С каждым биением сердца кровь выплескивается из сосуда. Восемьдесят шесть лет высокого давления сказались на состоянии трубопровода. Сейчас он растянут, как воздушный шар, и рвется с каждым ударом. Кровь вытекает, сочится, стенки утончаются и рвутся, готовые лопнуть совсем. Когда это произойдет, она умрет.
Я стою рядом с зондом ультразвука. Напряженный живот пациентки смазан специальным голубоватым гелем. Десять секунд назад я приложил зонд к ее животу и увидел внутри большой черный шар. Это могло означать только одно.
— У вас в животе прорвалась аневризма, — произнес я, отводя взгляд от экрана. — Если не сделать операцию немедленно, вы умрете.
Так я и сказал: операция или смерть. Она может умереть, даже если выберет операцию, но так у нее хотя бы будет шанс. Без операции смерть гарантирована. Иногда нужно просто дать людям возможность выбора. Сегодня ее очередь выбирать.

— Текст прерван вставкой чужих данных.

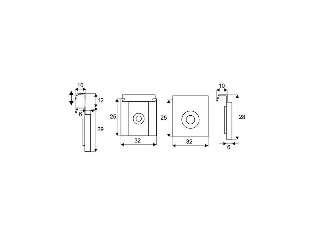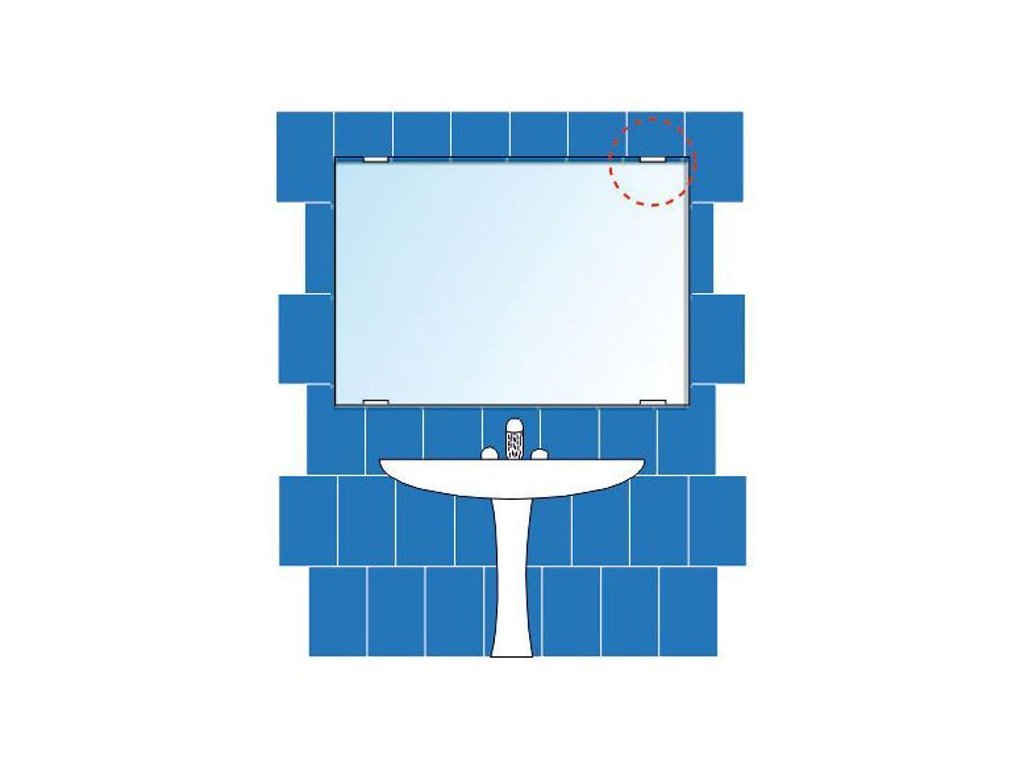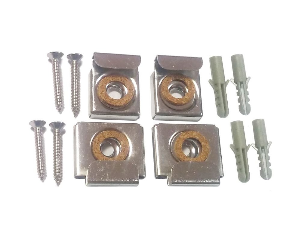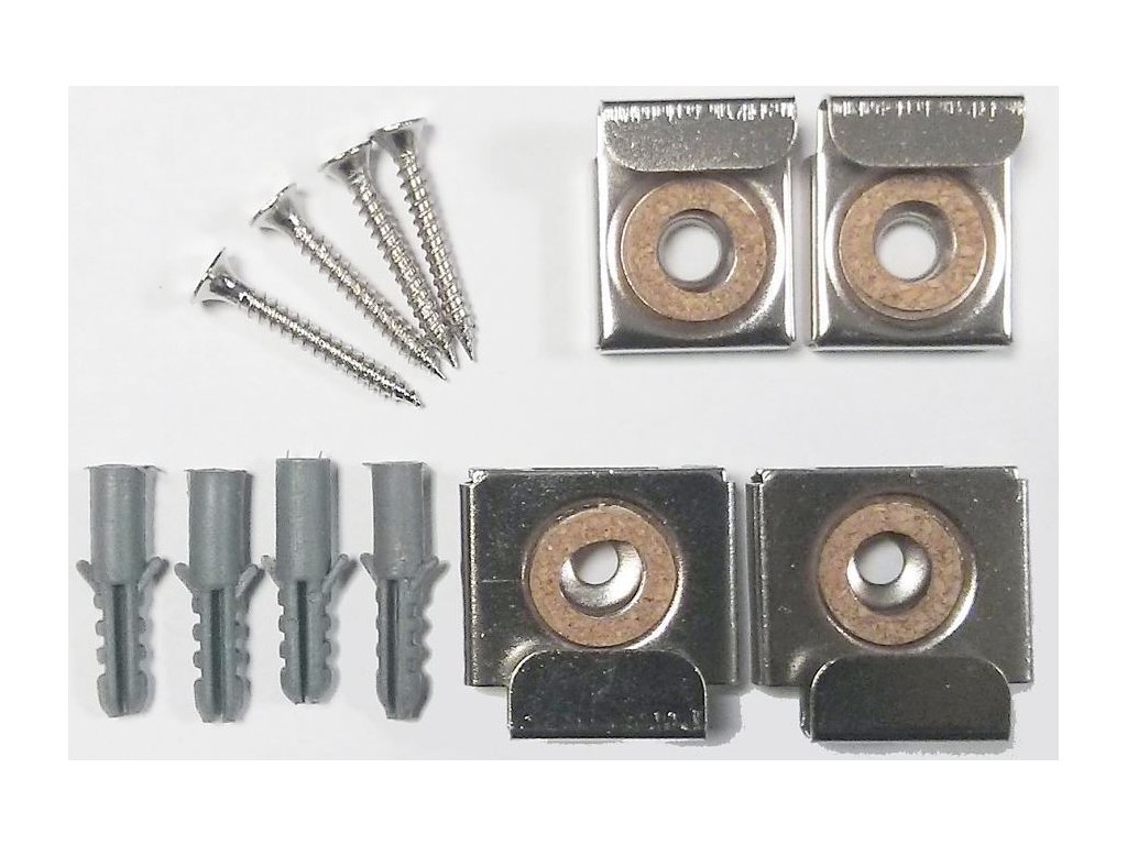 Sada na uchytenie zrkadla na stenu. Obsahuje: 2 vrchné a 2 spodné držiaky, 4 x hmoždinka, 4 x skrutka na uchytenie.

Ей нужно принять решение. И нужно сделать это немедленно. Ждать нельзя. Каждая секунда повышает вероятность смерти на операционном столе.
Я замечаю, что она все еще держится левой рукой за бок — наверное, ей больно. На руке серебряное кольцо с маленьким бриллиантом и рубином. Одно гнездо пустое — второй рубин выпал, и она не заменила его. Я походя думаю, почему так случилось. Конечно, она не могла этого не заметить. Наверное, она решила, что починит кольцо позже. Вот только теперь «позже» может и не быть.
Такова жизнь. Я вижу, как колышется рука на животе — с каждым ударом сердца она слегка поднимается. Я почему-то думаю о беременной женщине, которая прислушивается к толчкам своего еще не родившегося ребенка. Уверен, что пациентка чувствует толчки своей аорты — точно так же, как будущая мать — удары маленькой ножки. Только эти толчки приведут к концу, а не к началу. При моих словах ее рука слегка соскальзывает вбок, и я замечаю, что женщина теряет интерес к тому, что толкается в ее животе.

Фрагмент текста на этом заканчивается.